Renovation of the Church p. 9
I believe this question, articulated by Dallas Willard, is the question for the western church in today’s North American culture. The forces of consumerism, affluence, entitlement, fear, and individualism have pushed and pulled the church so out of shape it is almost unrecognizable from its form, mission, and function in the past. How do we wade into this massive challenge in a way that we will be able to stand against the gravitational pull of outward success, pastoral/leadership ambition, and attractional/consumer based Christianity?

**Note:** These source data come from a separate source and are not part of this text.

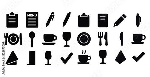 Black silhouette icons of dining utensils and stationery
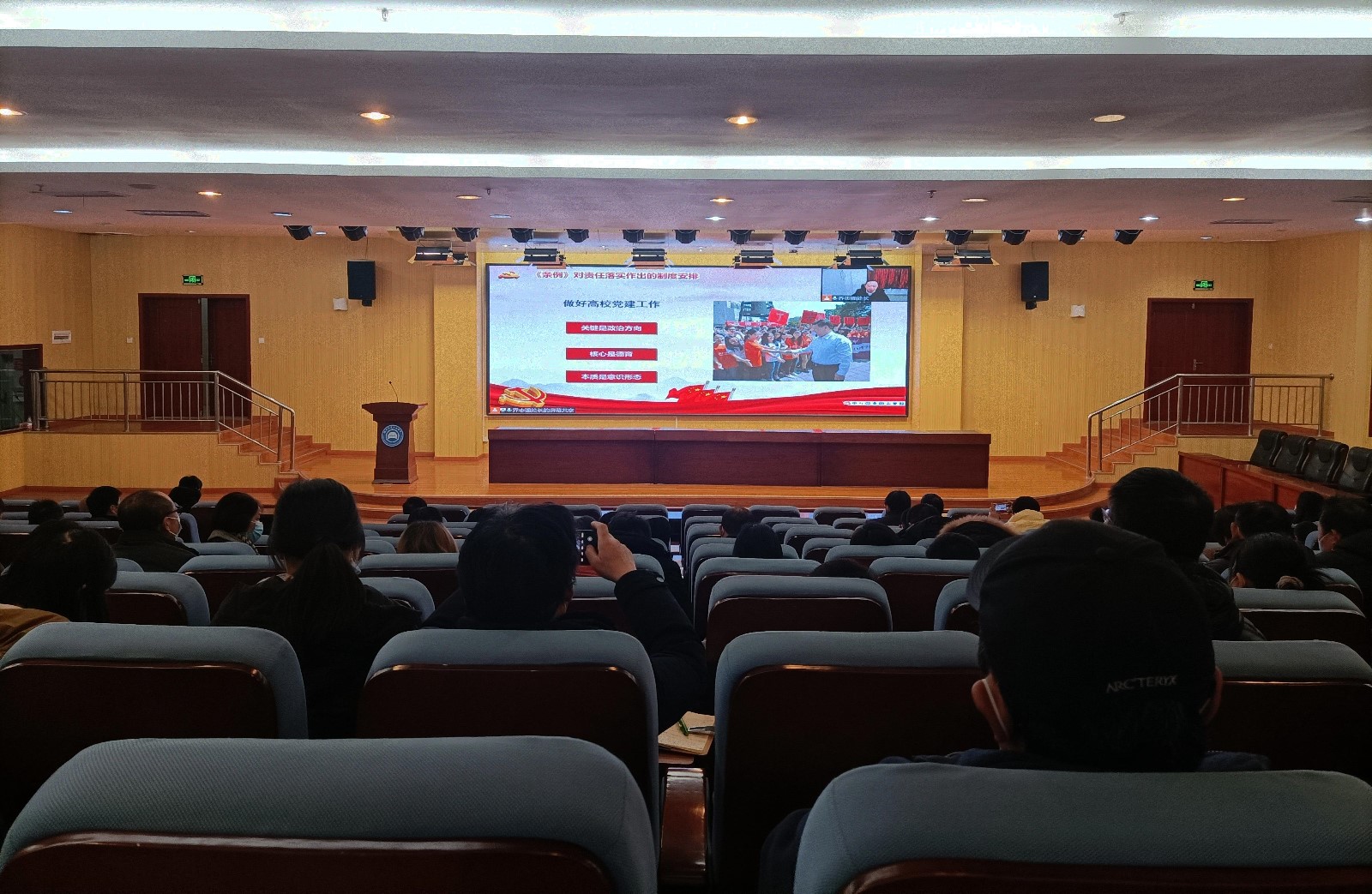 本网讯(文、图/周彬)为深入贯彻落实《中国共产党普通高等学校基层组织工作条例》(以下简称《条例》),不断强化学校基层党组织政治功能,全面提升组织力,12月11日,学校在逸夫图书馆报告厅举办《中国共产党普通高等学校基层组织工作条例》专题培训,特邀《条例》起草组成员、省委教育工委组织处处长、一级调研员乔志强作专题辅导,学校全体中层干部、党支部书记及辅导员齐聚逸夫图书馆报告厅,利用腾讯会议集中参加线上培训。
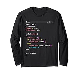Funny shirt are staple among developer, game shirt is one of those too, there are java and web shirt, this is shell scripting, in funny eat, code, loop. Bash Script Style Console Screen. Funny Computer Science Software Developer Life Bash Script. Bash Script Style Console Screen. Funny Computer Science Software Developer Life Bash Script Eat Code Sleep Repeat While Alive Shirt. Lightweight, Classic fit, Double-needle sleeve and bottom hem
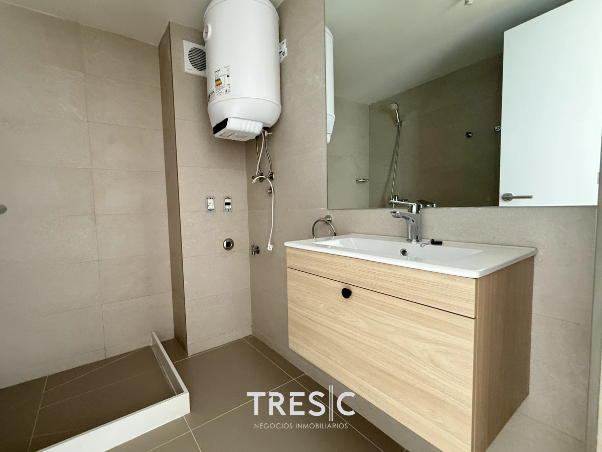 El baño es completo y de generosas dimensiones, equipado con calefón y conexión prevista para lavarropas.
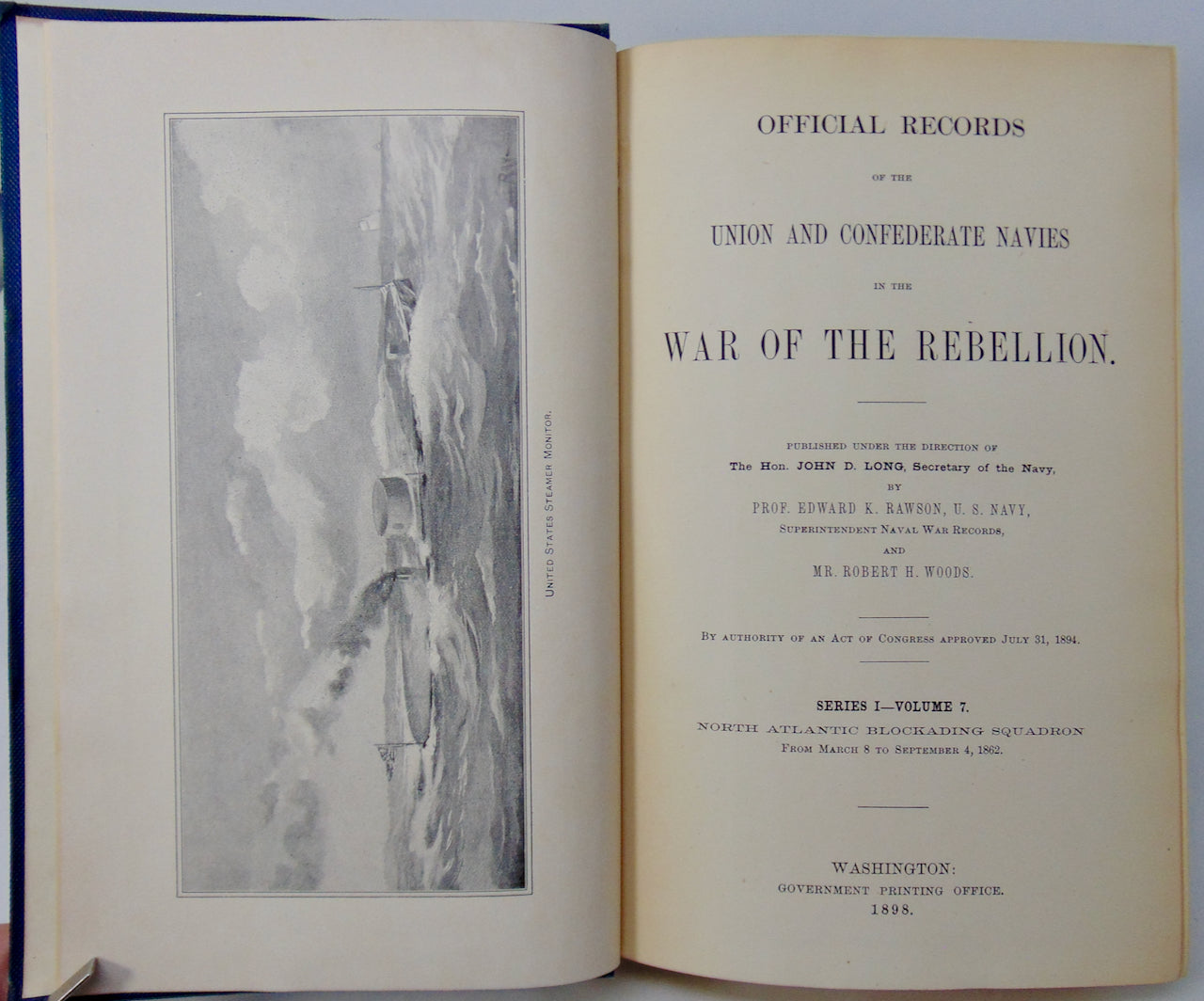Rawson, Edward K.; Woods, Robert H. Official Records of the Union and Confederate Navies in the War of the Rebellion. Series I - Volume 7. North Atlantic Blockading Squadron, From March 8 to September 4, 1862. Washington DC: Government Printing Office, 1898. First Edition. [11292]

Willard suggests that the starting point is for the leaders in the church (including but, in my opinion, not limited to the pastor) to sever the root of ambition for personal or corporate success expressed in the cultural mantra of “having things my way.” We have raised up a generation of church going, cultural Christians that live by this mantra in their homes, careers, families and in their church. Until this root of pride, selfishness, individuality and personal preference is cut out and laid aside, there can be no progress in the spiritual life. However, once this root has been discovered and the process of putting off the old nature has begun, the journey of putting on Christ can begin.With this
With this realization and commitment in place, the community of faith can resume its true purpose and goal of making disciples that are mature in Christ. This goal will totally redefine 1. our understanding of success, 2. our purpose for coming together, 3. the way we view and utilize our resources, and 4. the way we organize ourselves and make decisions.
So, the primary decision for us to make at the outset of this journey is, “do we realize the primacy of being and making disciples of Jesus, and if we do, are we willing to walk the road to maturity together?”
There are no secrets or shortcuts to this process. Scripture and tradition are clear in the method, the costs, and the intended outcomes. History shows again and again that when a group of believers commits themselves to this process God is faithful, His Spirit is sufficient, and apprentices of Jesus are the results. Are we ready for this journey?